Research & Papers

OmniMem framework boosts long video generation dynamic degree by 52.3%

New memory retrieval method solves the 'local bias' and 'union explosion' problems in AR video generation.

Deep Dive

Autoregressive video generation builds long videos chunk by chunk, but maintaining a growing historical KV cache becomes prohibitive. Existing approaches either truncate the cache or compress it into implicit memory, losing explicit access to query-relevant details. The new OmniMem framework addresses this by performing sparse KV retrieval over the entire history. It introduces three innovations: Adaptive Window Exclusion removes local-window blocks from selection when enough long-range history exists; Query-Shared KV Selection reduces cross-query diversity to lower computational overhead; and Per-Head Scattered KV Access lets each attention head retrieve its own non-contiguous blocks without expanding into a large buffer. These techniques together maintain efficient memory usage while preserving explicit access to the full history.

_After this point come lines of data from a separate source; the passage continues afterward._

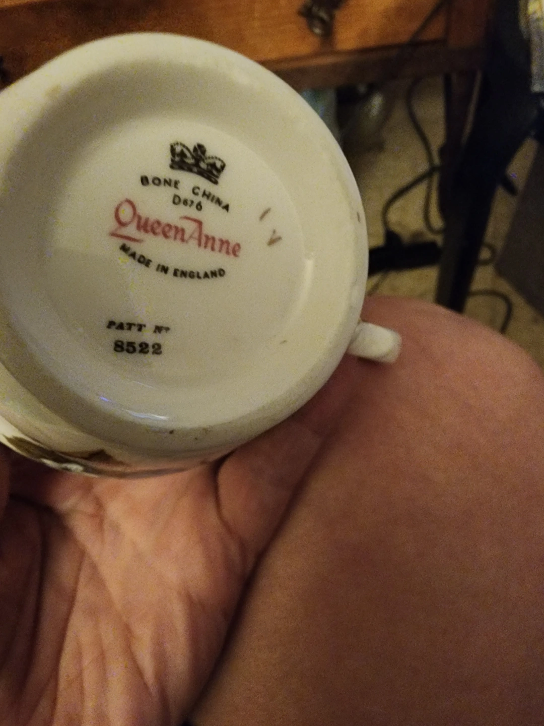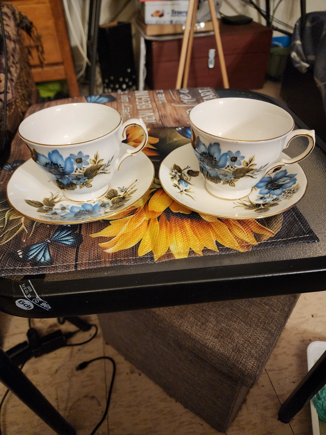 Pair of vintage teacups and saucers. Floral design. Bone china. Made in England. Gold trim. Pattern # 8522. $15 for 1 set or $25 for both
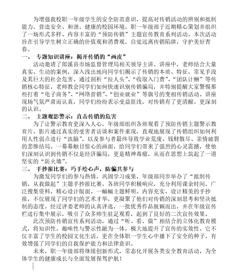 筑牢思想防线,远离传销陷阱——我校职一年级部成功举办预防传销主题宣传活动
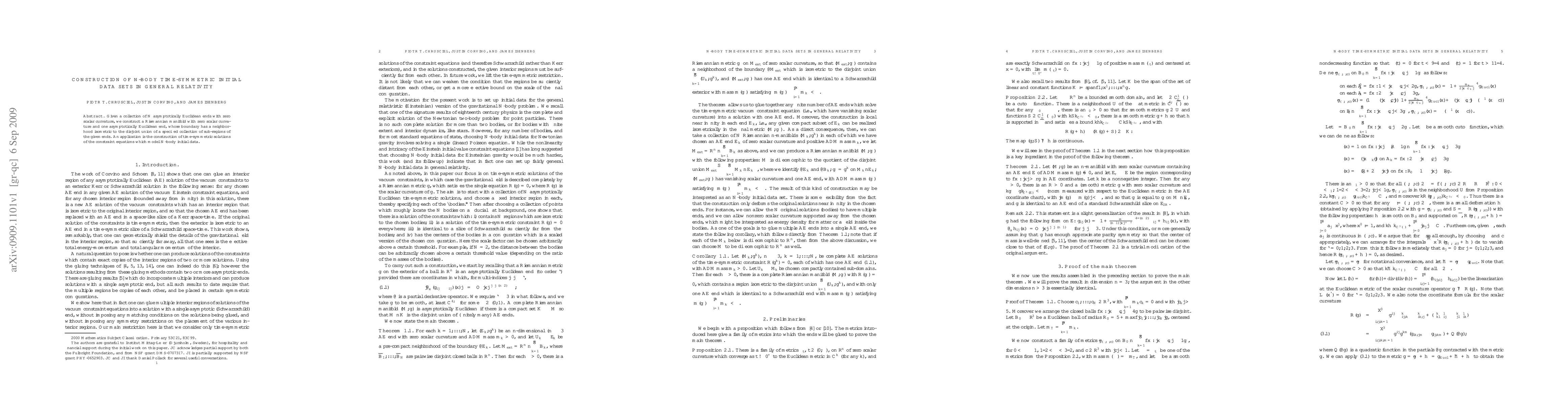 Researchers developed a method to create Riemannian manifolds with zero scalar curvature from N asymptotically Euclidean ends, which can model N-body initial data in general relativity.
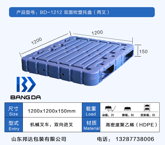 BD-1212雙面塑料吹塑托盤尺寸為1200*1200*150(mm),采用國內最先進的吹塑技術,原材料采用的是HDPE一種結晶度高,非極性的熱塑性樹脂;邦達的雙面塑料托盤承載強,耐高溫且環保;山東邦達包裝有限公司承諾旗下所有的產品均此采用全新材料,廠家直銷,正規發票,量大優惠!
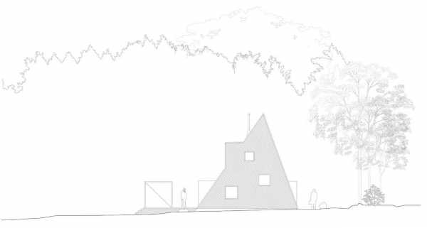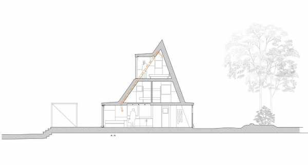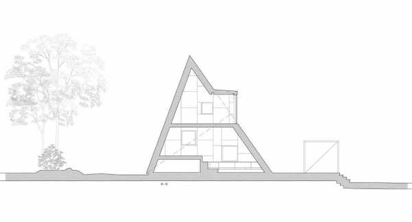 При всей своей простоте треугольное здание имеет оригинальный вид, лаконичные формы, а излом верхней стены подчеркивает своеобразие и уют
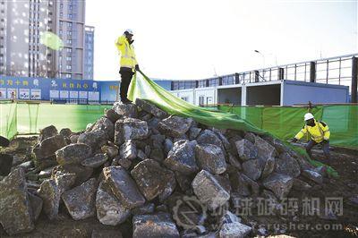 項目工地看到一種全新的建筑垃圾處理方式。用于臨時建筑的混凝土基礎被機器打碎,工人將產(chǎn)生的混凝土垃圾分類放置在旁邊的空地上,等待專業(yè)公司進行回收利用。
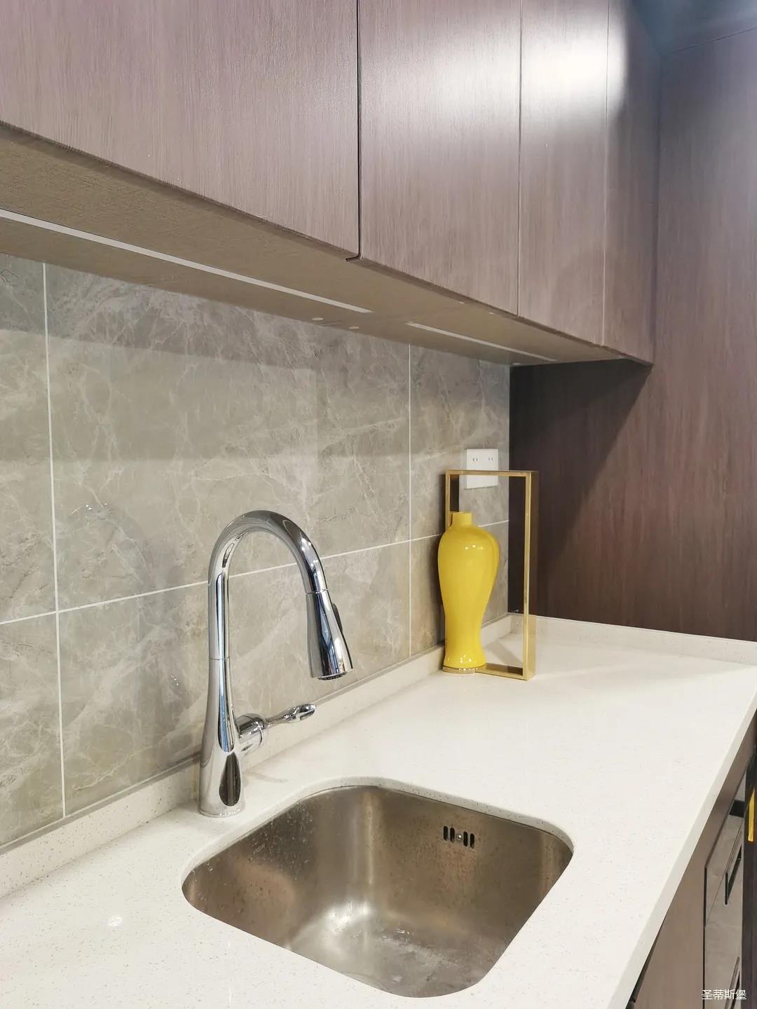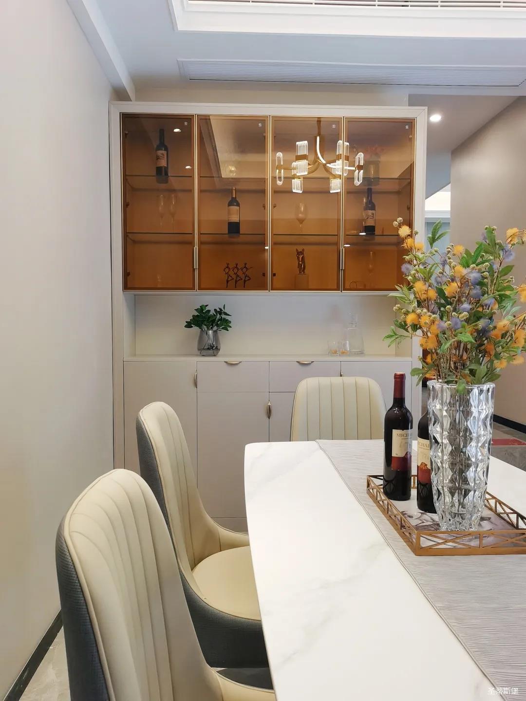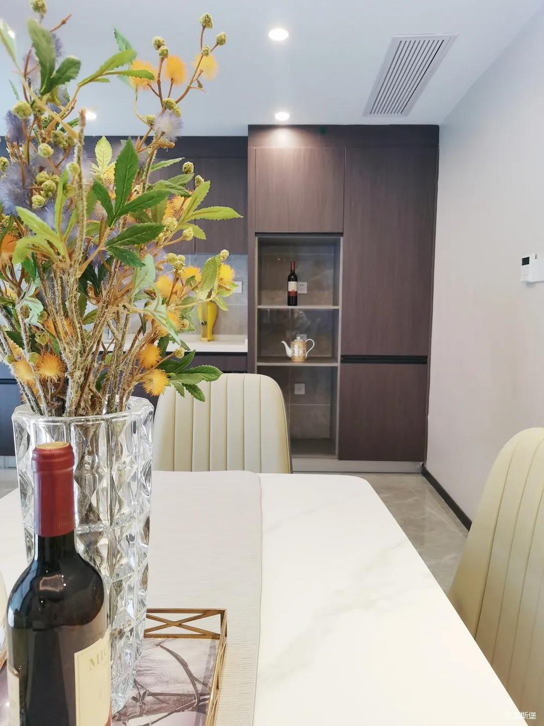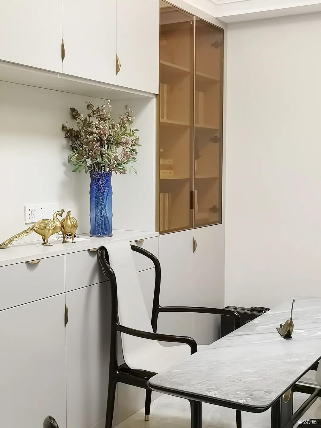開放式的餐廚設計讓餐邊柜和櫥柜的居家動線更為流暢,成了最便利的收納場所,生活小資而又美好。
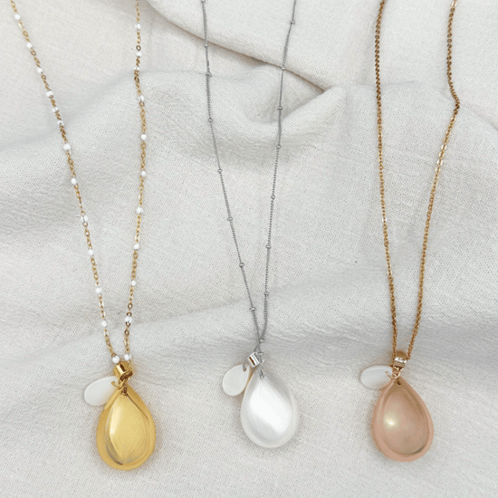 Nos bolas sont en cuivre, plaqué or 18 carats, argent 925 ou acier inoxydable, avec des chaînes en acier inoxydable.
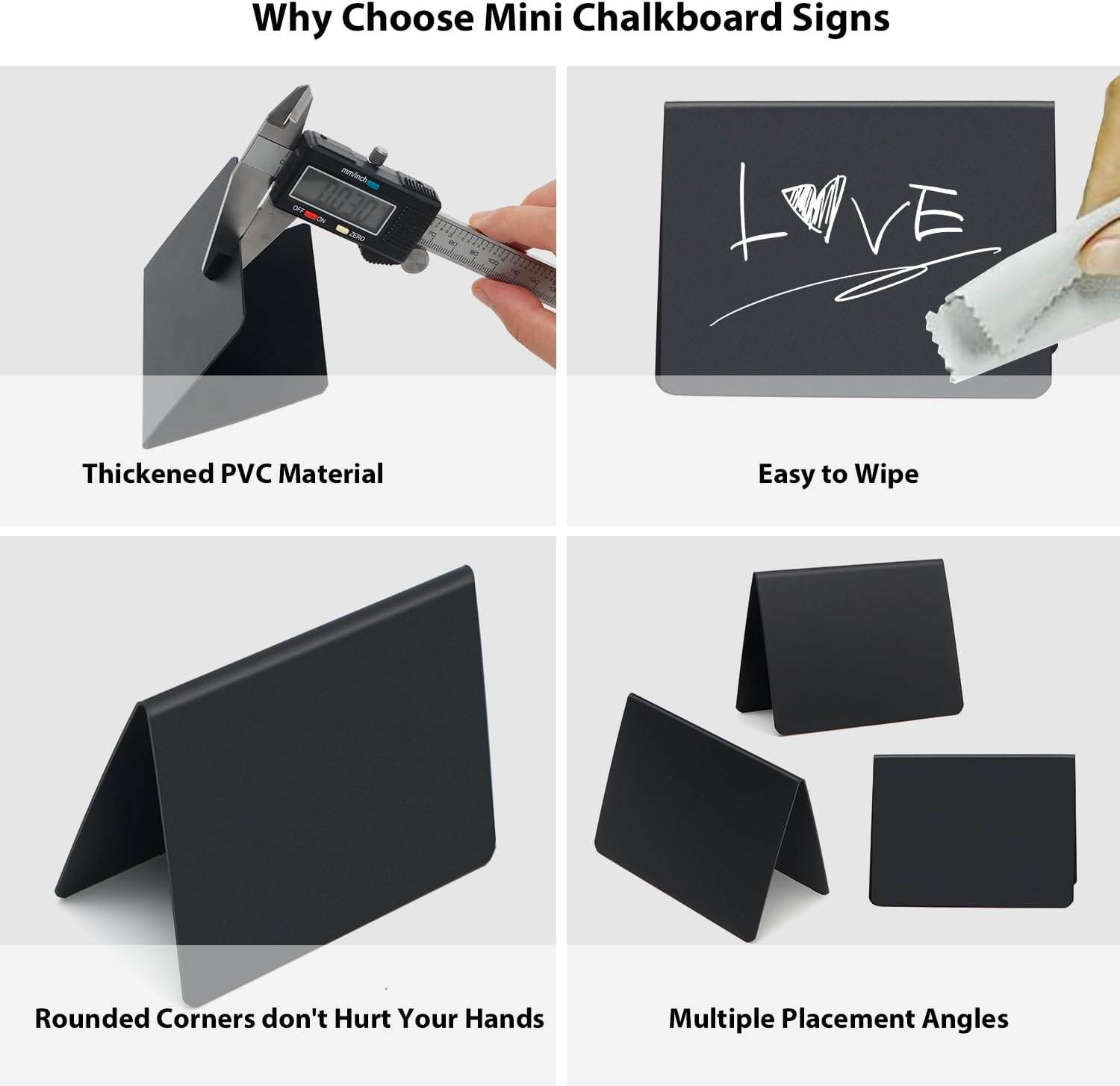 - Perfect Chalkboard Sign: Small chalkboard Made of matte black plastic material, it is waterproof, drop-resistant, durable and can be used many times.
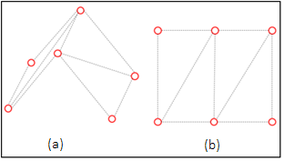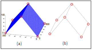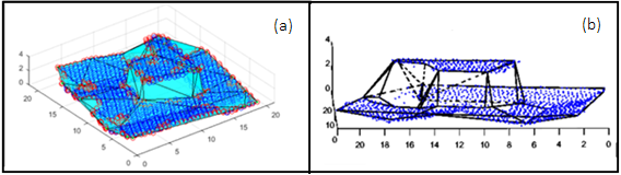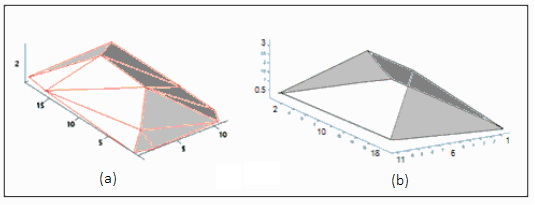 As a larger quantity of points was proposed for the model, redundant triangles were produced. They were eliminated in the last step by analyzing the angle between adjacent triangles: small vertices and its composing edges (< 45o) were removed from the model. For example, Figure 14a shows the solution of this first experiment, and Figure 14b shows the same solution after this criterion was applied.

In experiments on long-video benchmarks, OmniMem outperformed strong baselines by 52.3% in Dynamic Degree—a measure of scene movement and temporal variation—while preserving consistency. The framework maintains comparable memory footprint to compression-based methods and runs within standard VRAM constraints. This work is particularly relevant as video diffusion and AR generation models (e.g., OpenAI's Sora, Google's Veo) push toward minute-long clips. By enabling efficient long-range memory retrieval, OmniMem could become a key building block for next-generation video generation systems that need both temporal coherence and dynamic action.

Key Points
  • Adaptive Window Exclusion removes local bias by dropping near-future blocks when long-range history suffices.
  • Per-Head Scattered KV Access avoids Union Explosion by keeping each attention head's selections separate and non-contiguous.
  • Achieves 52.3% higher Dynamic Degree than baseline methods while maintaining comparable memory usage.

Why It Matters

Enables longer, more dynamic AI-generated videos without exploding memory, critical for next-gen video generation tools.